First Czech Nobel winner Heyrovský awarded 65 years ago

Jaroslav Heyrovský

Sixty-five years ago Czech scientist Jaroslav Heyrovský won the Nobel Prize for Chemistry for his discovery and development of polarography, becoming the first Czech recipient of the prestigious award. The discovery, however, was made much earlier, on February 10, 1922.

The first polarograph | Photo: Heyrovský Institute of Physical Chemistry,  Czech Academy of Sciences

This Saturday marks 102 years since the invention of polarography, a pioneering method analysing substances in solutions, developed by Czech chemist Jaroslav Heyrovský.

Polarography is based on the relationship between an increasing current passing through a solution and the increasing voltage used to produce the current, and is used to analyse the types of substances in solutions as well as their quantities.

Two years later, Heyrovský created the first polarograph, together with the Japanese chemist Masuzo Shikata. It was an instrument that could record data automatically, and in great detail, as he described to Czech Radio:

“This modified polarographic method can be used to analyse a solution quickly, accurately and sensitively. It determines the traces of substances present in the solution at a dilution of one in a million. For example, in one drop of blood, one ten-millionth of a gram of lead.”

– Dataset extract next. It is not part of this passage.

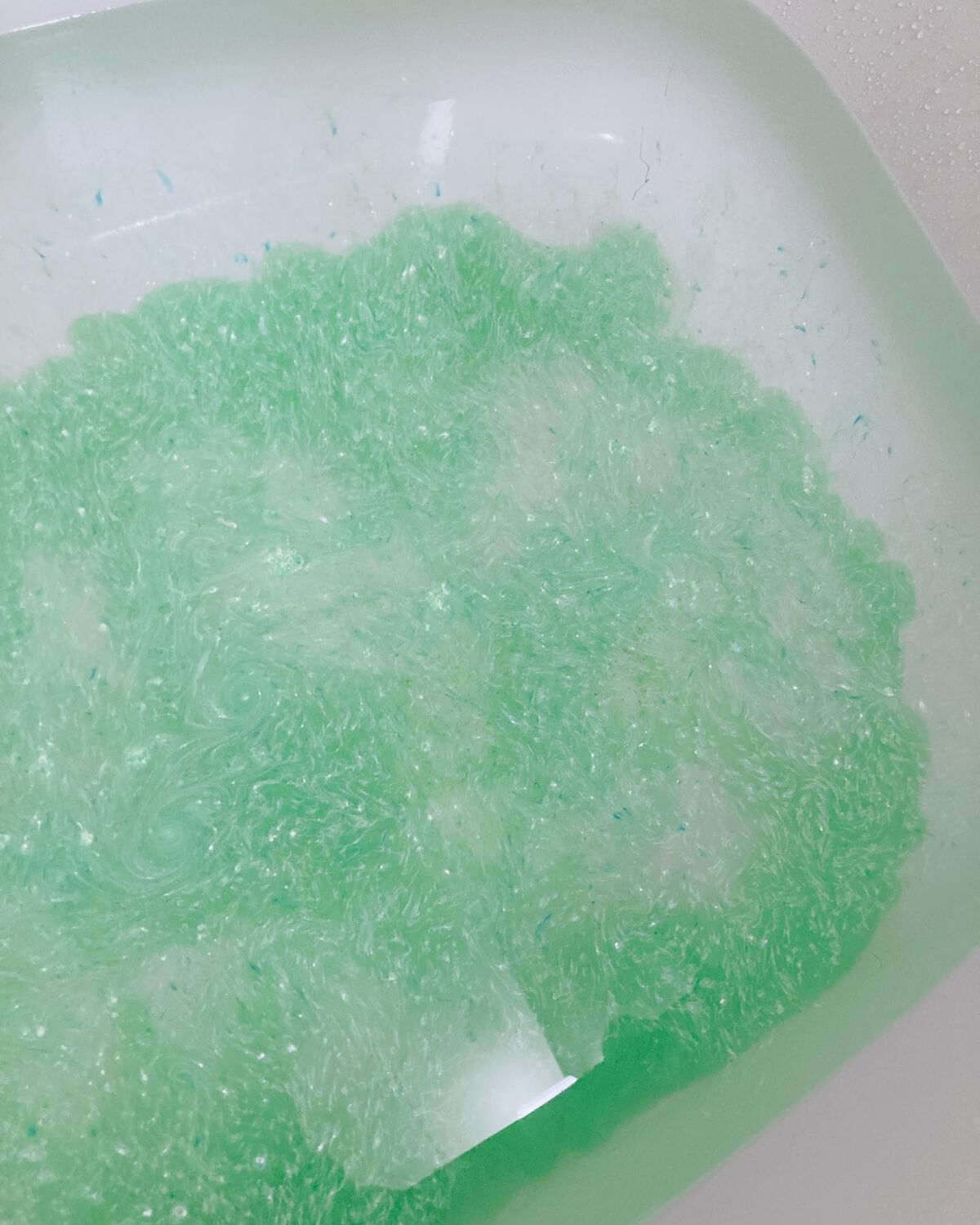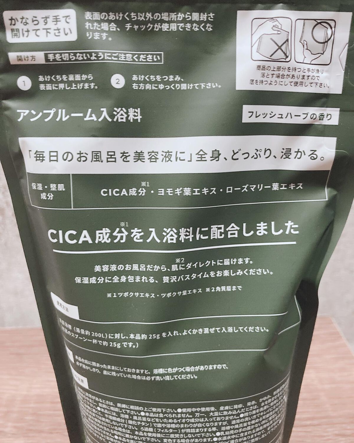 CICA成分配合入浴料 お湯がまろやかに感じて良かったです♨️ CICA成分(ツボクサエキス、ツボクサ葉エキス)が肌荒れを防ぎ、普段ケアの難しい背中までしっかりケア。 フレッシュハーブの香りでお湯の色はミルキーグリーン💚

Květoslava Stejskalová | Photo: Barbora Navrátilová,  Radio Prague International

Květa Stejskalová from the Jaroslav Heyrovský Institute of Physical Chemistry of the Czech Academy of Sciences is trying to make sure that the legacy of the only Czech Nobel Prize winner in natural sciences is not forgotten. She explains what made the invention so special:

“It was shortly after the First World War and the world was still recovering. It needed analytical methods that could provide an answer to questions like what materials we have and how they can be used. And suddenly Heyrovsky came up with an electrochemical method that is much simpler than the five or so optical methods that were on the market at the time. It was fast, reliable and also much cheaper than the other ones.”

Jaroslav Heyrovský | Photo: Archiv výstavy Příběh kapky organizované ÚFCH J. Heyrovského AV ČR

Following his discovery, polarography began to be used in various industries to determine the composition of raw materials or products. It has been applied not only in medicine, but also in the food industry, and it is used, in some form, to this day, says Mrs. Stejskalová:

“It's a modified method that doesn't work with the classic dripping mercury electrode, but with other electrodes that are developed from the original Heyrovsky method. Polarography still has its place in applied research, especially in the development of various sensors that determine low concentrations of various substances in the environment. There are, of course, other methods that have surpassed it, but polarography and the methods developed with it still have their place in science.”

Jaroslav Heyrovský  (right) | Photo: Charles University

More than 30 years after his invention, in 1959, Jaroslav Heyrovský won the Nobel Prize in Chemistry for his discovery, which has influenced generations of scientists around the world.

Today, the Institute of Physical Chemistry of the Czech Academy of Sciences is named after Jaroslav Heyrovský, and experts from all corners of the planet continue to draw on his ideas.